India’s Foreign Secretary S. Jaishankar on Wednesday departed left for Seoul on a previously unannounced trip. The trip takes place just ahead of a very crucial meeting of the Nuclear Suppliers Group (NSG) amid expectations that India’s bid for entry into the elite nuclear export control group may be considered this time.

“While it is true that the Foreign Secretary has flown to Seoul, the NSG plenary hasn’t even begun yet,” a highly placed diplomatic source said here.

The source said India’s entry into the club “is a delicate and complex process” and nothing could be stated conclusively as of now. “At this point, let us not speculate,” the source said.

Jaishankar’s sudden visit comes amid relentless Indian lobbying carried out with NSG member countries for its entry into NSG despite opposition shown earlier by members like China.
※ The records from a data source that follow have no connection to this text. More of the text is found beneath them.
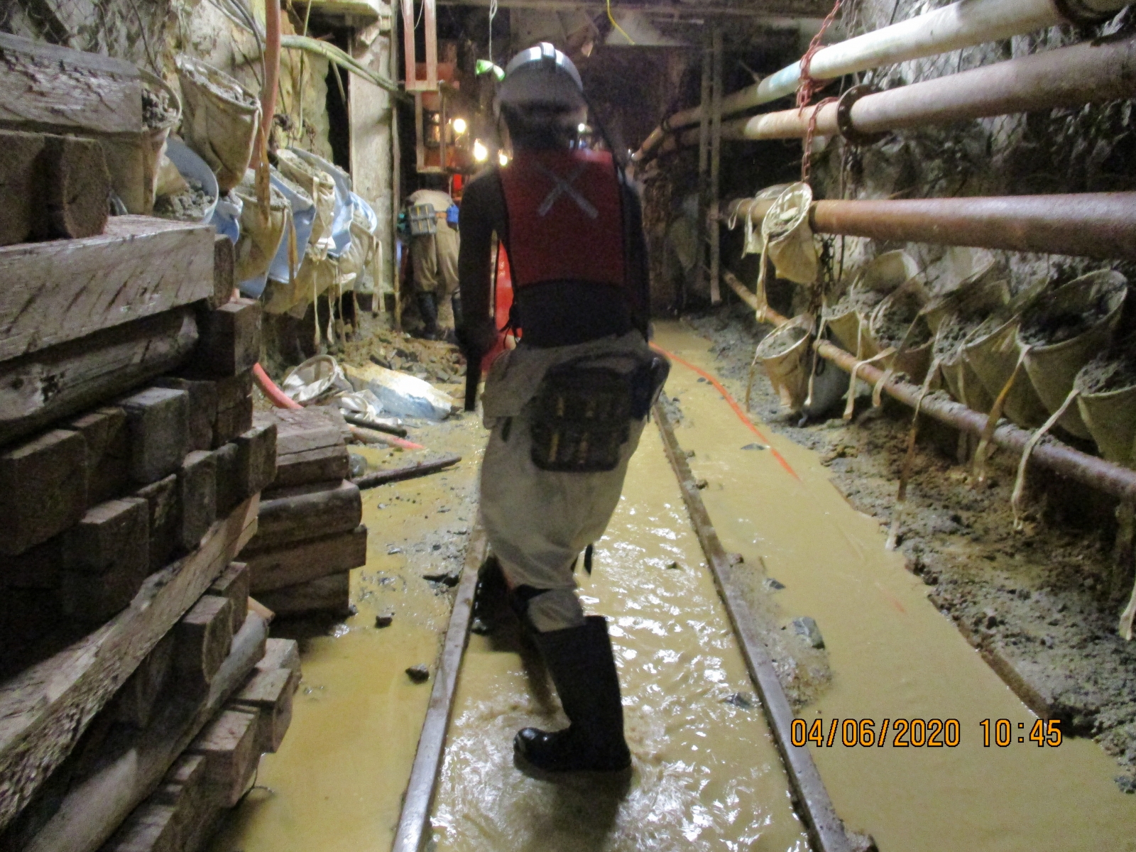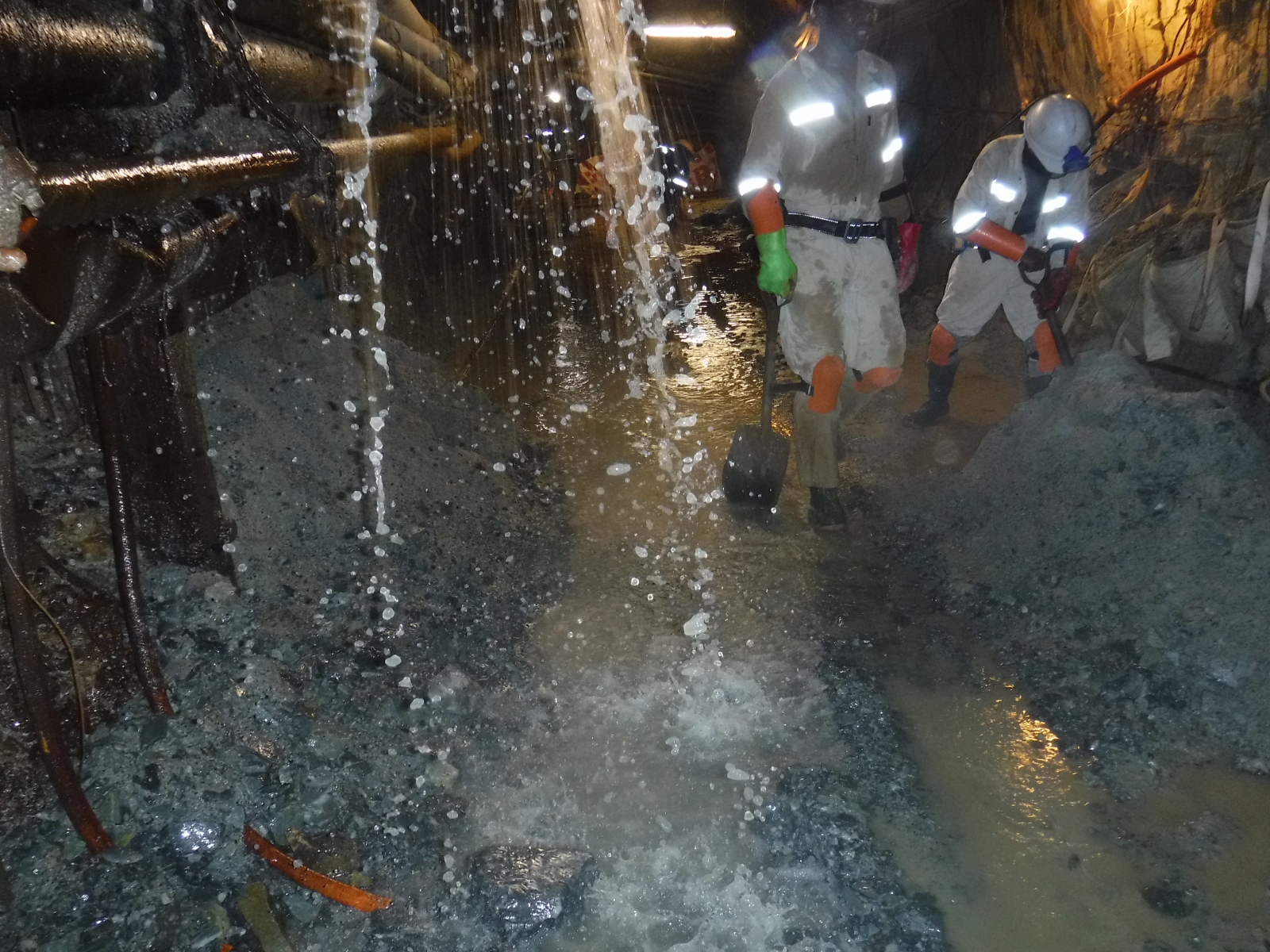 Our bestowed crews load mud in the haulages and cross cut sections, grade and re-align tracks, re-install drains, pumps piping and drain columns.
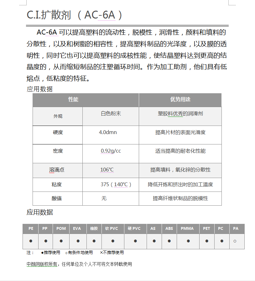 低密度非氧化 聚乙烯蜡 A-C 6A( 霍尼韦尔6A蜡粉)较高结晶度
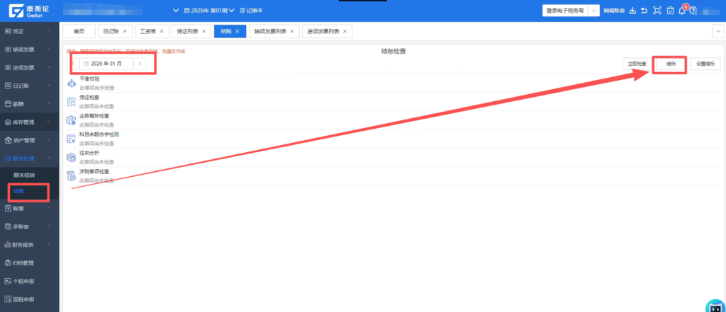 3.1指定好之后在【期末处理】-【结账】处结账到需要生单的时间。
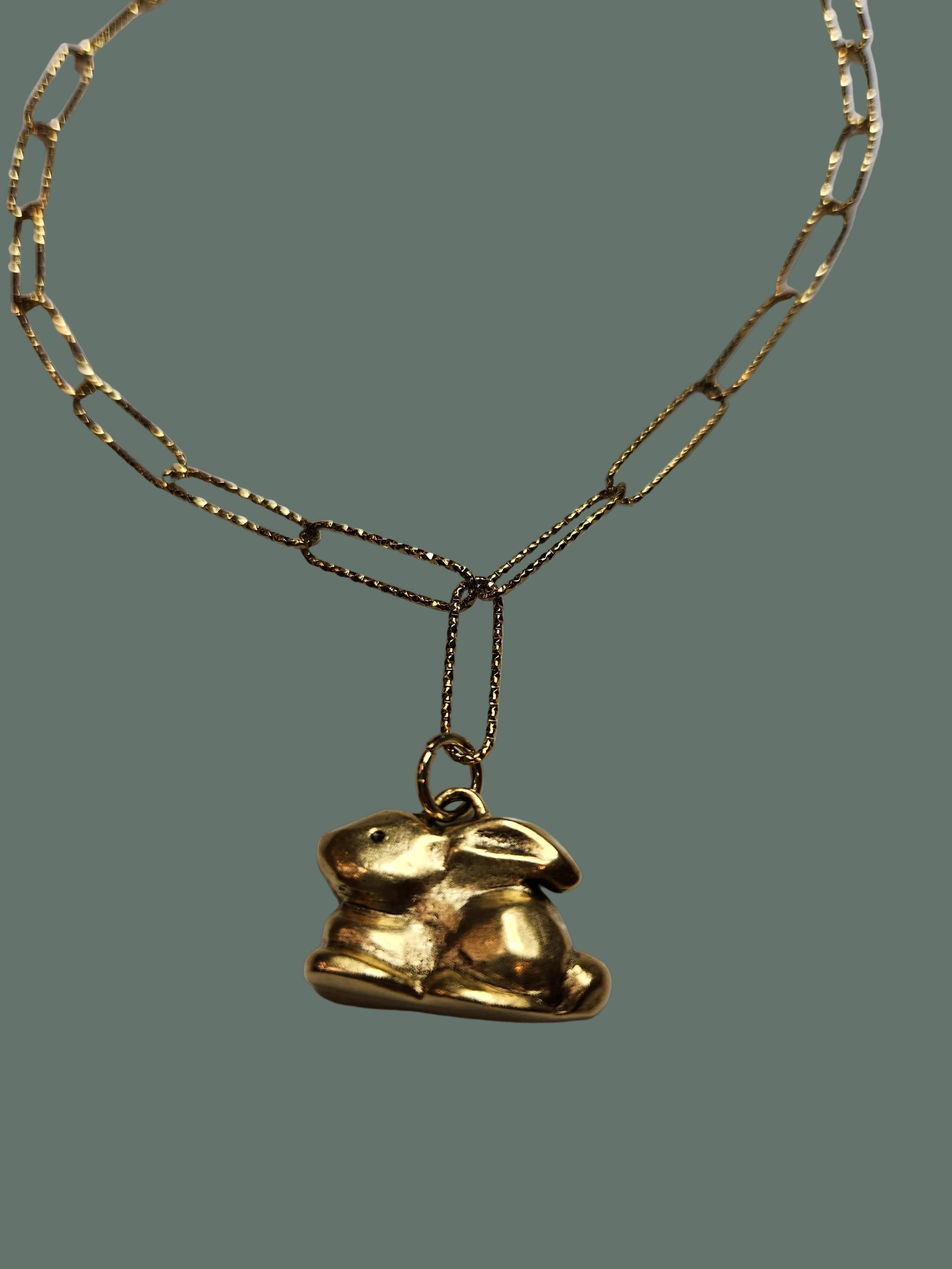 This 16-18" long eared rabbit pendant necklace is made of 18K gold over stainless steel and 12K gold plated high-quality pewter.
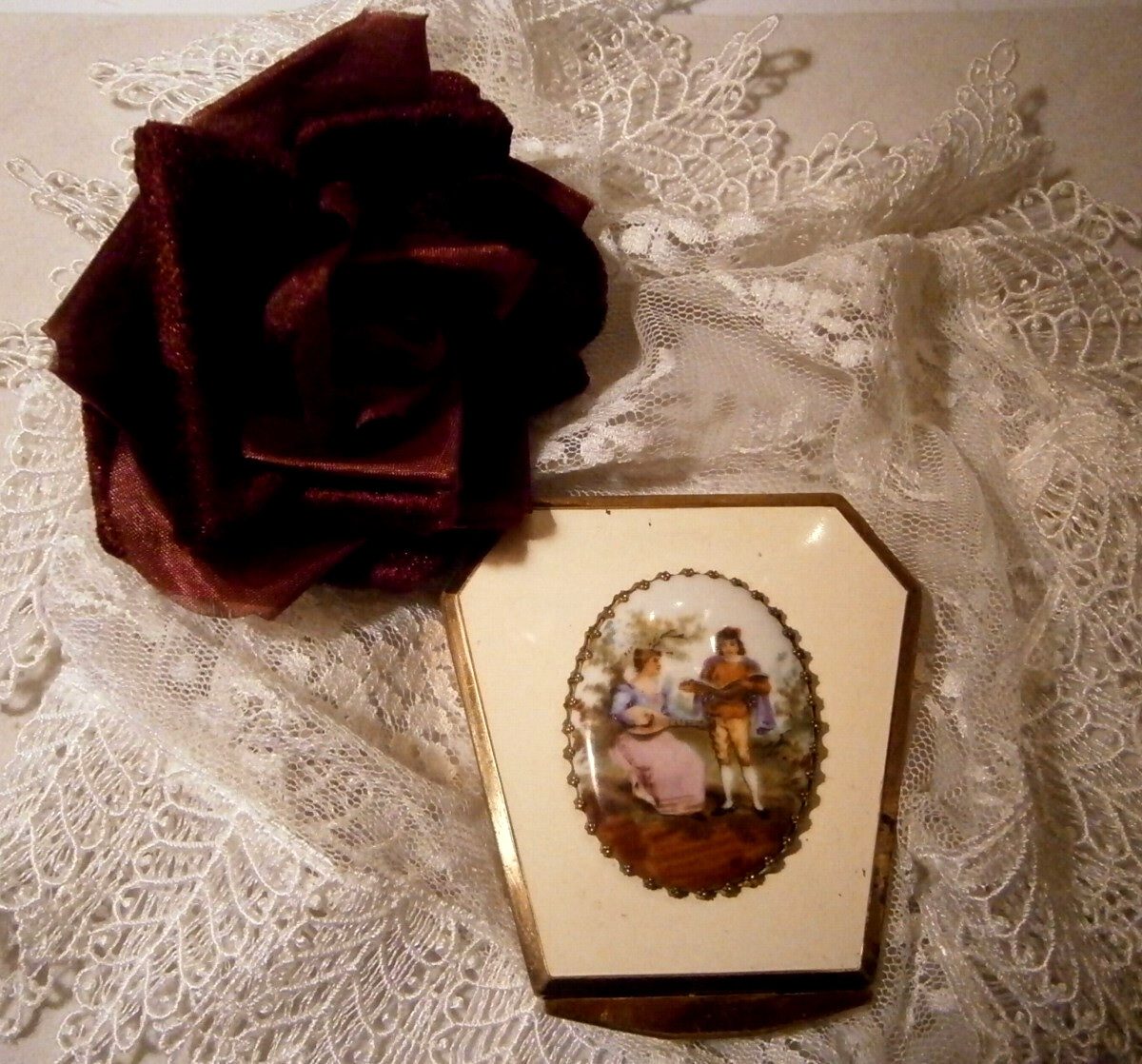 Vintage Gold Tone Cream Enamel Courting Couple Hexagonal Powder Compact - Unique

The club regulates nuclear commerce on the global arena.

The 48-nation grouping works on the principle of consensus and allows a new member only if all existing members agree.

China insists that India, being a non-signatory to the Nuclear Non-Proliferation Treaty (NPT), cannot be allowed in unless there was a consensus in the grouping. 

Beijing says that if any concession was given to India, the same should apply to Pakistan. Some other countries also have reservations about India’s membership.

Prime Minister Narendra Modi is to leave for Tashkent for a two-day summit of the Shanghai Cooperation Organisation (SCO) — a Eurasian political and economic bloc. 

Modi is likely to meet Chinese President Xi Jinping and take up with him the issue of India’s NSG membership.